____ Listed records
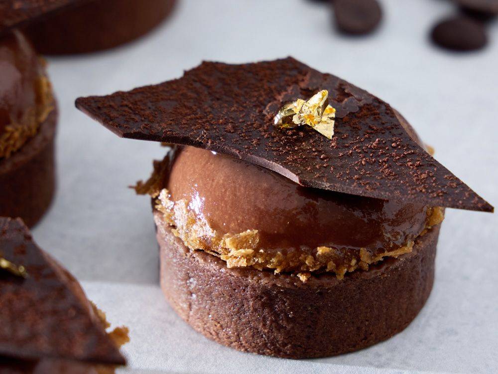 A bright, nostalgic tart built on cacao pâte sucrée and layered with kumquat confit, Fleur de Cao mousse, and a fragrant bergamot–orange blossom glaze. The tropical, yellow‑fruit notes of Callebaut Rustic Fleur de Cao inspired Chef Georgios Mouzelis to recreate the flavors of his childhood — kumquats, bergamots, and the perfumed blossoms from his grandmother’s garden. As he shares: “Callebaut Rustic Fleur de Cao's tropical, yellow fruit notes reminded me of the fruits that grew in my grandmother's garden… This tart is an homage to her.”
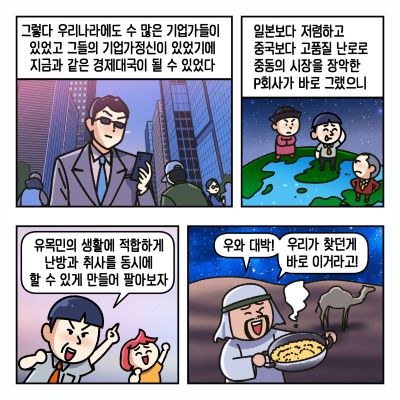 집에 돌아와 나는 궁금증을 참지 못하고 인터넷을 검색했다. ‘FILA Korea’, ‘르까프’ 등 국산 브랜드가 있다는 사실을 알게 되었다. 그러나 세계 시장 점유율을 확인하는 순간 또 한 번 놀랐다. 나이키와 아디다스 두 회사가 전체의 절반 가까이를 차지하고 있었는데, 우리나라 기업들의 점유율은 고작 몇 퍼센트에 불과했다. 이유가 무엇인지 더 찾아보니, 해외 기업들은 끊임없는 기술 개발과 과감한 마케팅, 실패를 두려워하지 않는 도전적 비전, 즉 ‘기업가정신’을 바탕으로 성장해 온 반면, 우리 기업들은 여전히 안정에 머무르는 경우가 많았다는 것이었다. 하지만 나는 ‘알았으니 됐다’며 노트북을 덮고 일상을 이어갔다.
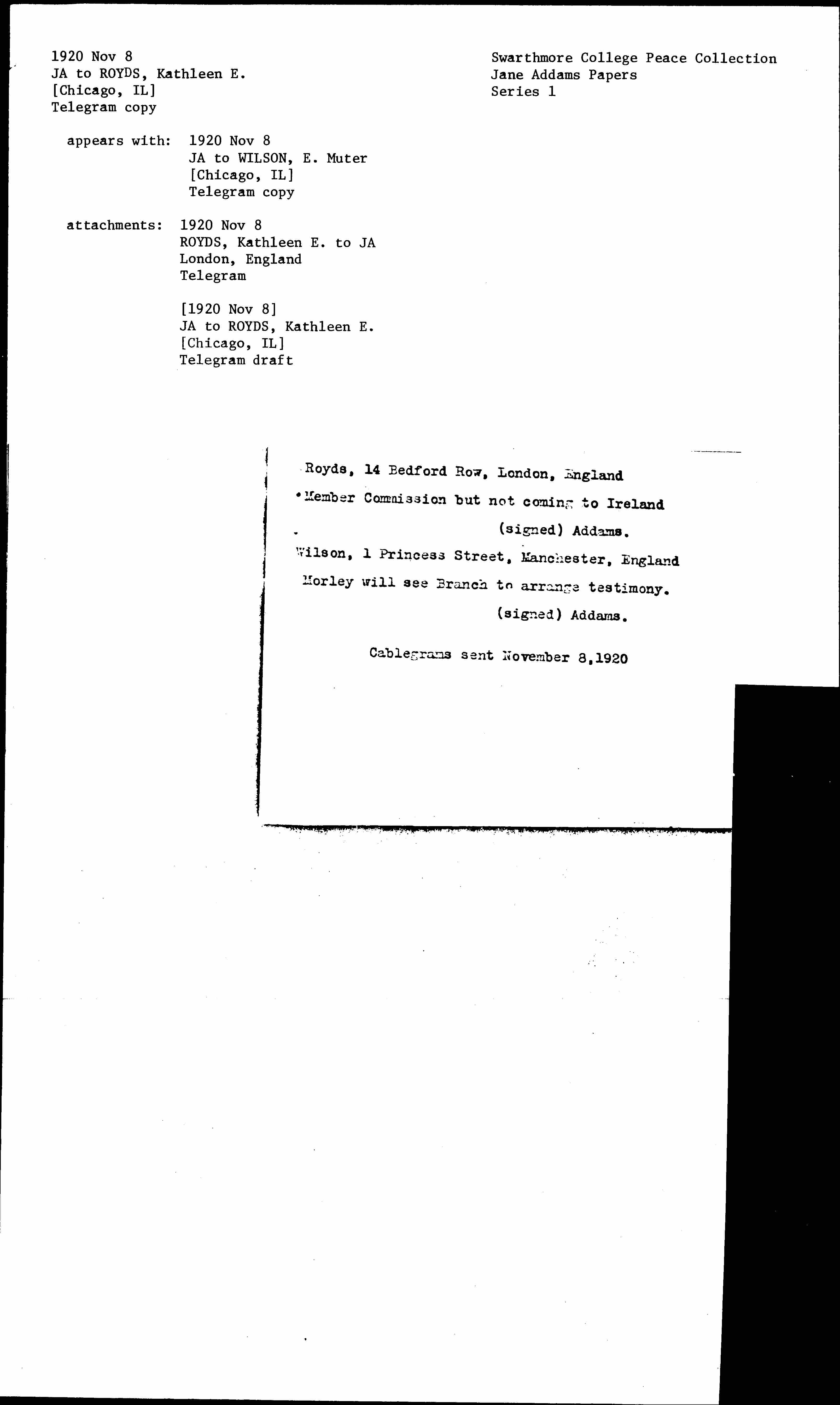 Cablegrams sent November 8, 1920
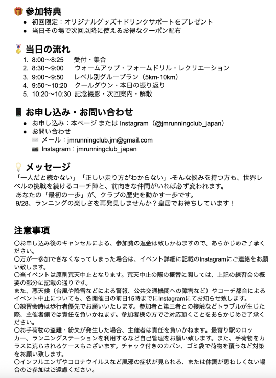 jmrunningclub.jm@gmail.com、090-4962-3140 - イベントID
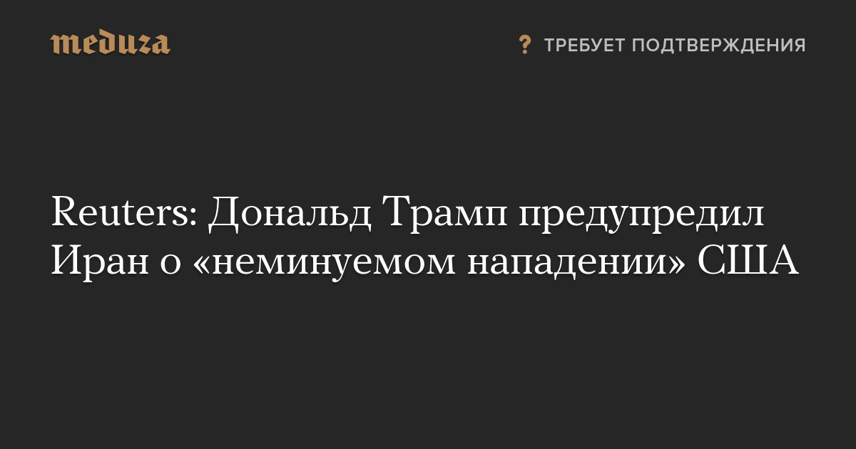 Президент США Дональд Трамп направил властям Ирана сообщение, предупреждающее о «неминуемом нападении» Соединенных Штатов. Как сообщили Reuters иранские чиновники, это сообщение было передано через представителей Омана.
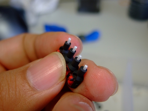 長めの1mmのプラ棒を差し込んで、あとからカットして長さを整えます。2mmくらい出てるとちょうど良い。
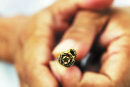 之后我们又随尹先生参观了旧馆,让人颇感意外的是旧馆前的树木。尹先生拿起一个树枝,让我们看它的横截面。原来树枝的横截面呈现五角星的模样。据尹先生介绍,在烈士纪念馆旧馆门口大树的树枝在九月或十月会脱落,经过风吹日晒,在树枝内部形成一颗“五角星”,此星意味着我们心中的“星”。红星闪耀,党在心中。
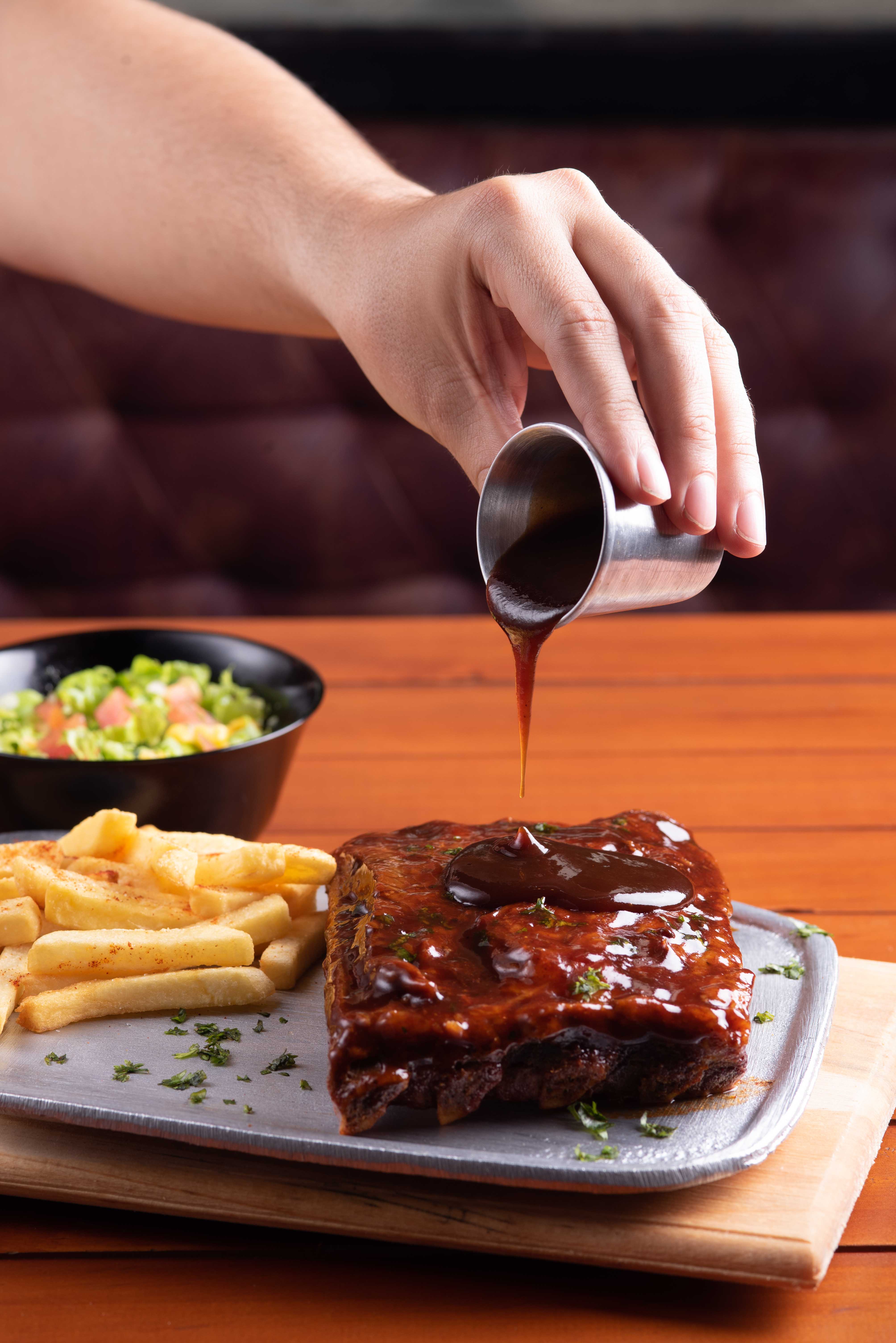 Rack de costilla americana asada y bañadas en nuestra salsa BBQ, papa a la francesa, apio, zanahoria.
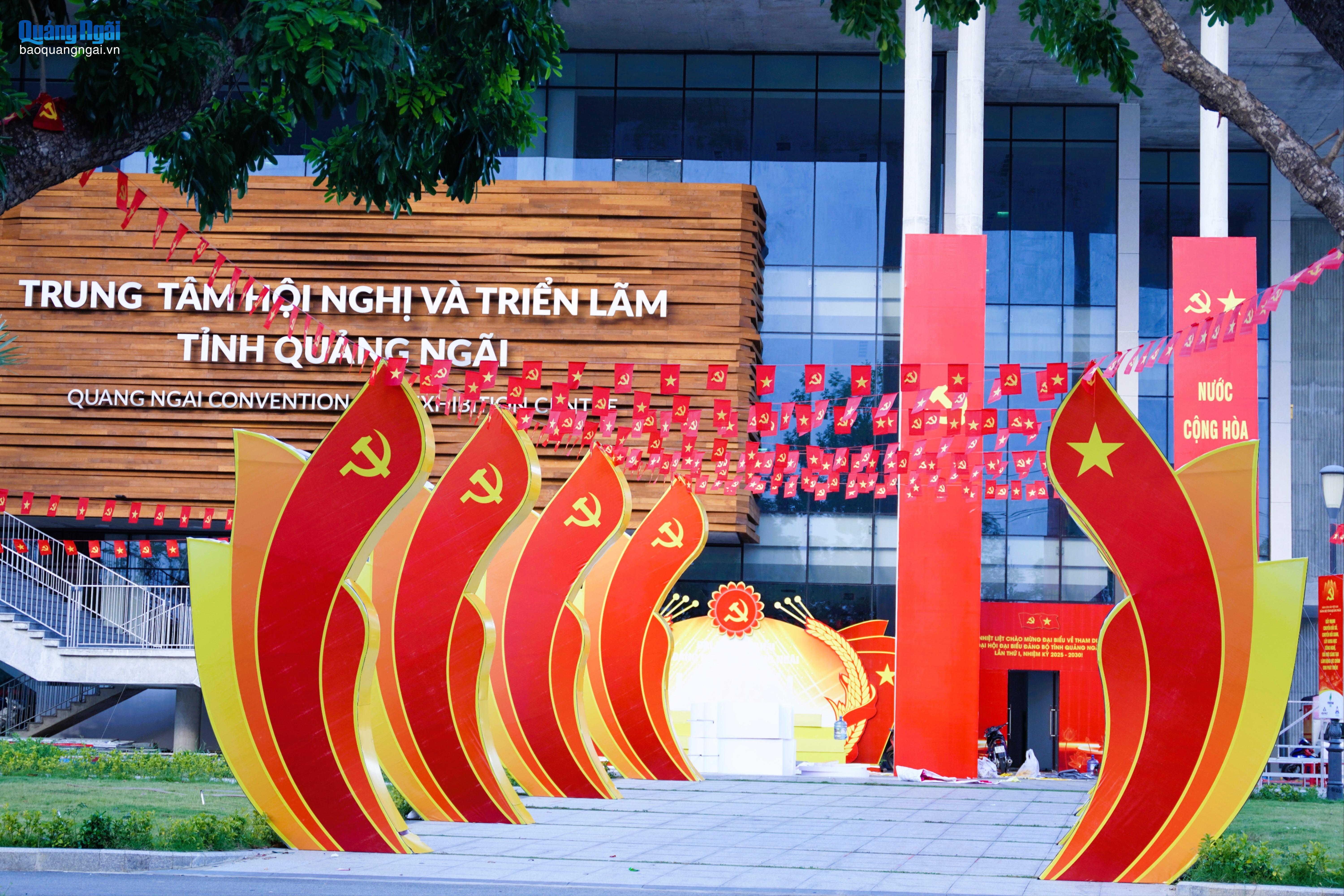 Công trình Trung tâm Hội nghị và Triển lãm tỉnh - nơi diễn ra Đại hội đại biểu Đảng bộ tỉnh lần thứ I, nhiệm kỳ 2025 - 2030, được trang trí rực rỡ.
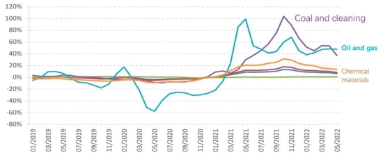 中国的煤炭价格自2021年开始迅速上涨,2021年10月达到13.5%的峰值。煤炭价格成为导致2021年10月中国PPI增速达到创纪录高度的最重要原因之一。2021年煤炭价格飙升的前因后果大家都很清楚,这里不再赘述。简言之,煤炭价格飙升也主要是供给减少而不是需求增加导致的。化工产品价格上升同油气价格上升的原因应该也是大致相同的。
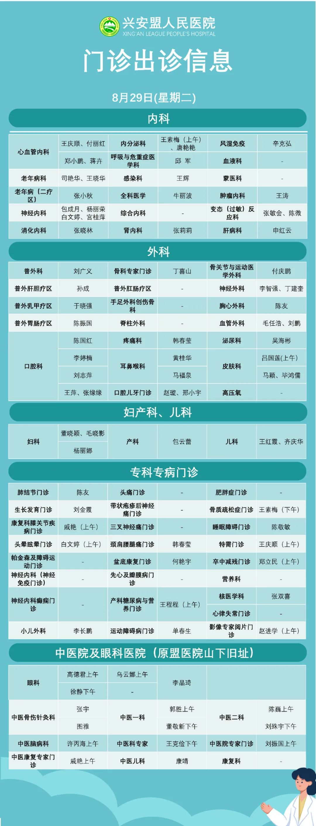 『出诊信息』盟人民医院8月28日-8月31日门诊出诊信息
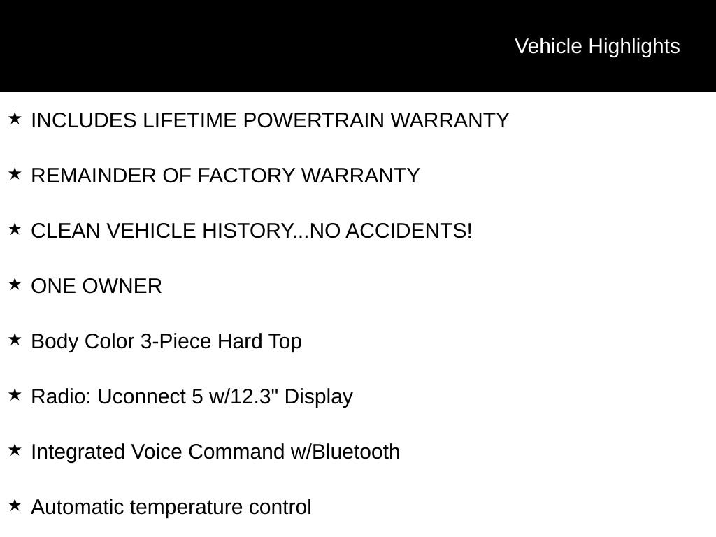 Priced below KBB Fair Purchase Price! INCLUDES LIFETIME POWERTRAIN WARRANTY, REMAINDER OF FACTORY WARRANTY, CLEAN VEHICLE HISTORY...NO ACCIDENTS!, ONE OWNER, 4WD, Apple CarPlay/Android Auto, Automatic temperature control, Body Color 3-Piece Hard Top, Freedom Panel Storage Bag, Heated steering wheel, Integrated Voice Command w/Bluetooth, ParkView Rear Back-Up Camera, Radio: Uconnect 5 w/12.3" Display, Rear Window Wiper/Washer, Wheels: 20" x 8" Painted Black Aluminum.
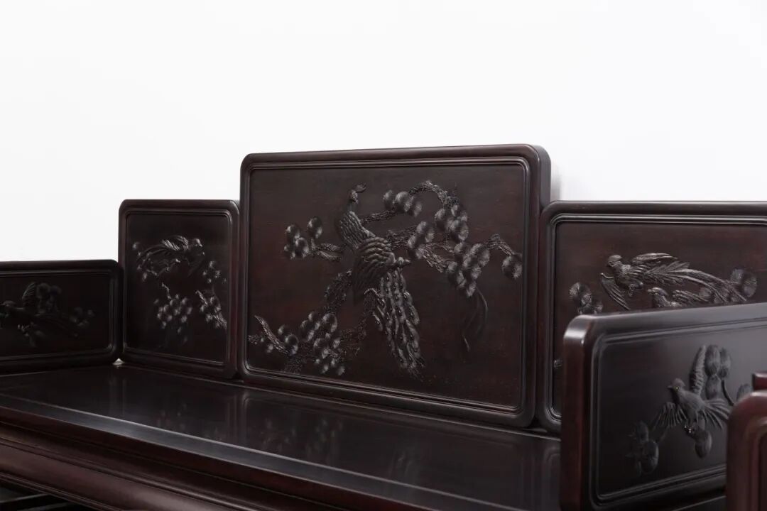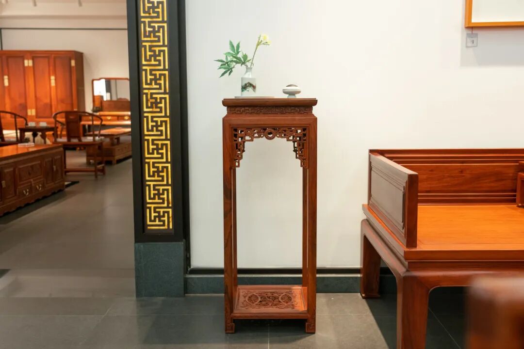 除了以上这些术语,红木家具的世界里还有许多有趣的名词。比如“三屏风”,指的是由三扇屏风组成的座屏风;“扇面式凳”,则是凳面作扇面形的杌凳;“上箱下柜”,则是立柜上承有向上掀盖的箱子,而不是两开门的顶柜。这些名词不仅形象生动,还充满了文化的韵味。
________
To do » What is needed is an exact repeat of the records, with every picture left out.

Exercise answer »
 A bright, nostalgic tart built on cacao pâte sucrée and layered with kumquat confit, Fleur de Cao mousse, and a fragrant bergamot–orange blossom glaze. The tropical, yellow‑fruit notes of Callebaut Rustic Fleur de Cao inspired Chef Georgios Mouzelis to recreate the flavors of his childhood — kumquats, bergamots, and the perfumed blossoms from his grandmother’s garden. As he shares: “Callebaut Rustic Fleur de Cao's tropical, yellow fruit notes reminded me of the fruits that grew in my grandmother's garden… This tart is an homage to her.”
 집에 돌아와 나는 궁금증을 참지 못하고 인터넷을 검색했다. ‘FILA Korea’, ‘르까프’ 등 국산 브랜드가 있다는 사실을 알게 되었다. 그러나 세계 시장 점유율을 확인하는 순간 또 한 번 놀랐다. 나이키와 아디다스 두 회사가 전체의 절반 가까이를 차지하고 있었는데, 우리나라 기업들의 점유율은 고작 몇 퍼센트에 불과했다. 이유가 무엇인지 더 찾아보니, 해외 기업들은 끊임없는 기술 개발과 과감한 마케팅, 실패를 두려워하지 않는 도전적 비전, 즉 ‘기업가정신’을 바탕으로 성장해 온 반면, 우리 기업들은 여전히 안정에 머무르는 경우가 많았다는 것이었다. 하지만 나는 ‘알았으니 됐다’며 노트북을 덮고 일상을 이어갔다.
 Cablegrams sent November 8, 1920
 jmrunningclub.jm@gmail.com、090-4962-3140 - イベントID
 Президент США Дональд Трамп направил властям Ирана сообщение, предупреждающее о «неминуемом нападении» Соединенных Штатов. Как сообщили Reuters иранские чиновники, это сообщение было передано через представителей Омана.
 長めの1mmのプラ棒を差し込んで、あとからカットして長さを整えます。2mmくらい出てるとちょうど良い。
 之后我们又随尹先生参观了旧馆,让人颇感意外的是旧馆前的树木。尹先生拿起一个树枝,让我们看它的横截面。原来树枝的横截面呈现五角星的模样。据尹先生介绍,在烈士纪念馆旧馆门口大树的树枝在九月或十月会脱落,经过风吹日晒,在树枝内部形成一颗“五角星”,此星意味着我们心中的“星”。红星闪耀,党在心中。
 Rack de costilla americana asada y bañadas en nuestra salsa BBQ, papa a la francesa, apio, zanahoria.
 Công trình Trung tâm Hội nghị và Triển lãm tỉnh - nơi diễn ra Đại hội đại biểu Đảng bộ tỉnh lần thứ I, nhiệm kỳ 2025 - 2030, được trang trí rực rỡ.
 中国的煤炭价格自2021年开始迅速上涨,2021年10月达到13.5%的峰值。煤炭价格成为导致2021年10月中国PPI增速达到创纪录高度的最重要原因之一。2021年煤炭价格飙升的前因后果大家都很清楚,这里不再赘述。简言之,煤炭价格飙升也主要是供给减少而不是需求增加导致的。化工产品价格上升同油气价格上升的原因应该也是大致相同的。
 『出诊信息』盟人民医院8月28日-8月31日门诊出诊信息
 Priced below KBB Fair Purchase Price! INCLUDES LIFETIME POWERTRAIN WARRANTY, REMAINDER OF FACTORY WARRANTY, CLEAN VEHICLE HISTORY...NO ACCIDENTS!, ONE OWNER, 4WD, Apple CarPlay/Android Auto, Automatic temperature control, Body Color 3-Piece Hard Top, Freedom Panel Storage Bag, Heated steering wheel, Integrated Voice Command w/Bluetooth, ParkView Rear Back-Up Camera, Radio: Uconnect 5 w/12.3" Display, Rear Window Wiper/Washer, Wheels: 20" x 8" Painted Black Aluminum.
 除了以上这些术语,红木家具的世界里还有许多有趣的名词。比如“三屏风”,指的是由三扇屏风组成的座屏风;“扇面式凳”,则是凳面作扇面形的杌凳;“上箱下柜”,则是立柜上承有向上掀盖的箱子,而不是两开门的顶柜。这些名词不仅形象生动,还充满了文化的韵味。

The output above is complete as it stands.